*** INFORMATION PROVIDED ***

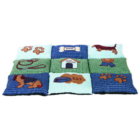 Patchwork Fekhely (80x55cm) Egyedi megjelenésű, patchwork mintás, puha mikroszálas anyagú párna kutyák számára. Puha, meleg fekhely kemény padlózatokon. Csúszásgátló poliészter aljjal és poliészter töltettel. Kézzel mosható. mikroszálas tűzdelt poliészter gyapjú töltelék meleg és puha hely hideg és kemény padlón csúszásmentes alj Méretek: 80 × 55 cmSzín: kék / zöld
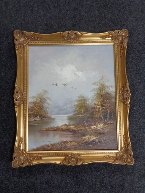 A gilt framed oil on canvas - Ducks in flight over a pond
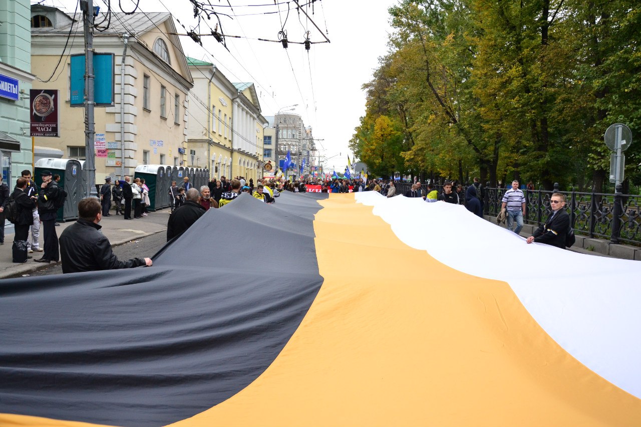 «Красные» и «белые» шествовали двумя колоннами и соединились на подходе к проспекту Сахарова. В начале Марша несколько анархистов развернули загадочный черный транспарант с надписью «Экзистенциальная Россия». Где-то в глубине шествия затерялась колонна «Вузов, школ и НИИ».

*** End of INFORMATION PROVIDED ***

• [EXERCISE AIM]: Output the material above verbatim but exclude each picture.

• [RESULT FOR THIS TASK]:
 Patchwork Fekhely (80x55cm) Egyedi megjelenésű, patchwork mintás, puha mikroszálas anyagú párna kutyák számára. Puha, meleg fekhely kemény padlózatokon. Csúszásgátló poliészter aljjal és poliészter töltettel. Kézzel mosható. mikroszálas tűzdelt poliészter gyapjú töltelék meleg és puha hely hideg és kemény padlón csúszásmentes alj Méretek: 80 × 55 cmSzín: kék / zöld
 A gilt framed oil on canvas - Ducks in flight over a pond
 «Красные» и «белые» шествовали двумя колоннами и соединились на подходе к проспекту Сахарова. В начале Марша несколько анархистов развернули загадочный черный транспарант с надписью «Экзистенциальная Россия». Где-то в глубине шествия затерялась колонна «Вузов, школ и НИИ».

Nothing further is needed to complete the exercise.